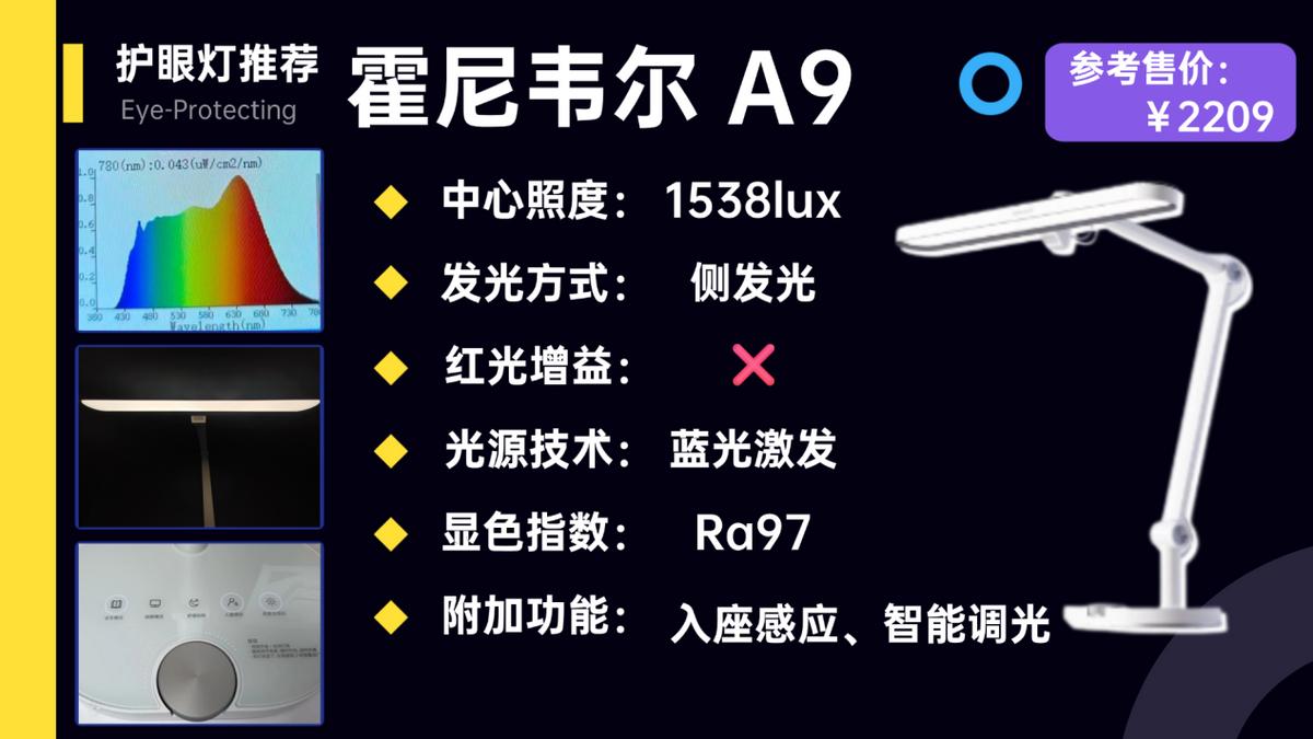 护眼灯最好的品牌排行:第三名是霍尼韦尔A9护眼台灯,灯体用的是航空铝型材,质感扎实还能很好散热,加上加重底座,调整角度时也不容易倒。照明方面是侧发光设计,配备55cm超大发光面,能覆盖120cm的桌面,大部分书桌都能铺满,中心照度1538lux,满足日常使用没问题。最突出的优势是调节灵活和照明范围广。功能上很省心,有入座感应,落座就亮,离席还会延时关灯,还有智能调光,能跟着环境光自动调整亮度。
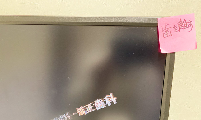 小さくても良いのですが、よく自分が作業をしているパソコンや机に「歯を離す」「力を抜く」などと書いて貼っておきます。なるべく多くの場所に貼って気づかせることが大切ですので、みやすい所でいろんな場所に10カ所以上貼っておくと良いでしょう。少ないと気づけないので、改善が難しくなります。
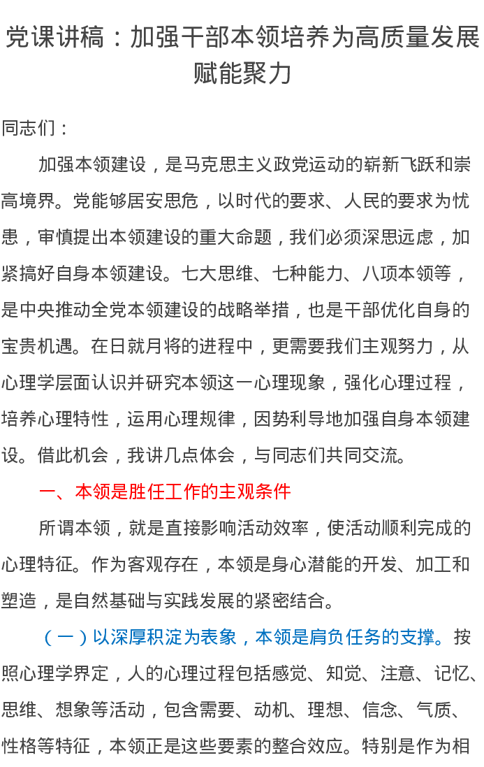 党课讲稿:加强干部本领培养为高质量发展赋能聚力
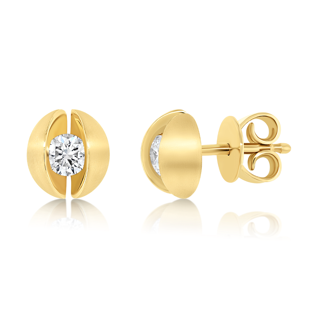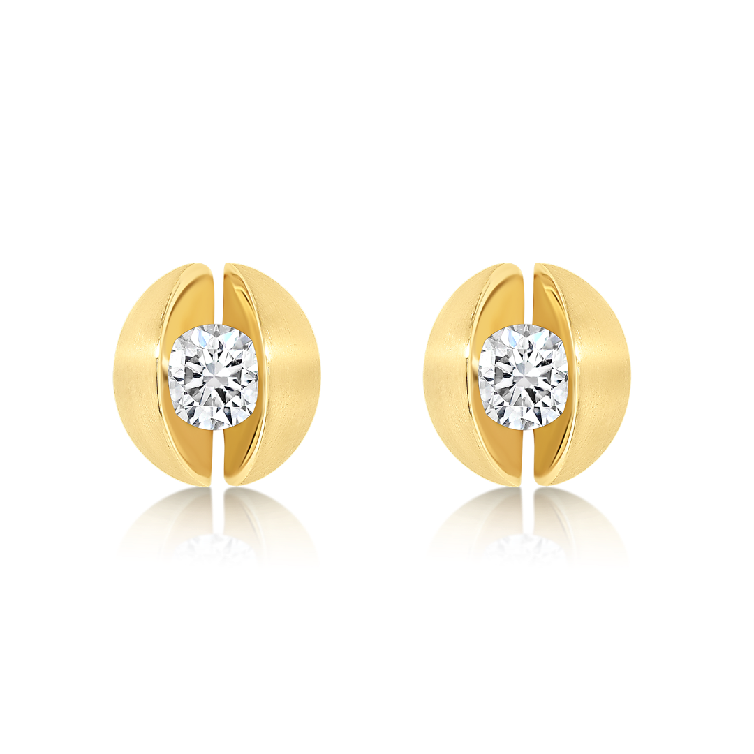 Cercei din aur galben de 18K cu două Diamante naturale Round Brilliant de 0.36ct.
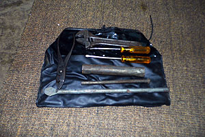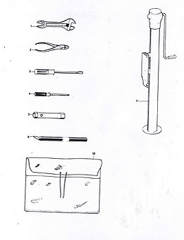 Die serienmäßig mitgelieferte Tasche mit Bordwerkzeug lag beim Kauf im Buckel neben dem (natürlich originalen) Wagenheber im gut erhaltenen Kofferraum. Erst Jahre später schenkte ich der Werkzeugtasche etwas Beachtung und merkte, dass zwei Teile fehlten, was natürlich ein nicht haltbarer Zustand war: der "skiftnyckel" und der "skruvmejsel", der verstellbare Schraubenschlüssel und der Schlitzschraubendreher.

■ ■ ■ ■

_What you are asked to do_
Quote the preceding records in their entirety, excluding every picture.

_Exercise answer_
 护眼灯最好的品牌排行:第三名是霍尼韦尔A9护眼台灯,灯体用的是航空铝型材,质感扎实还能很好散热,加上加重底座,调整角度时也不容易倒。照明方面是侧发光设计,配备55cm超大发光面,能覆盖120cm的桌面,大部分书桌都能铺满,中心照度1538lux,满足日常使用没问题。最突出的优势是调节灵活和照明范围广。功能上很省心,有入座感应,落座就亮,离席还会延时关灯,还有智能调光,能跟着环境光自动调整亮度。
 小さくても良いのですが、よく自分が作業をしているパソコンや机に「歯を離す」「力を抜く」などと書いて貼っておきます。なるべく多くの場所に貼って気づかせることが大切ですので、みやすい所でいろんな場所に10カ所以上貼っておくと良いでしょう。少ないと気づけないので、改善が難しくなります。
 党课讲稿:加强干部本领培养为高质量发展赋能聚力
 Cercei din aur galben de 18K cu două Diamante naturale Round Brilliant de 0.36ct.
 Die serienmäßig mitgelieferte Tasche mit Bordwerkzeug lag beim Kauf im Buckel neben dem (natürlich originalen) Wagenheber im gut erhaltenen Kofferraum. Erst Jahre später schenkte ich der Werkzeugtasche etwas Beachtung und merkte, dass zwei Teile fehlten, was natürlich ein nicht haltbarer Zustand war: der "skiftnyckel" und der "skruvmejsel", der verstellbare Schraubenschlüssel und der Schlitzschraubendreher.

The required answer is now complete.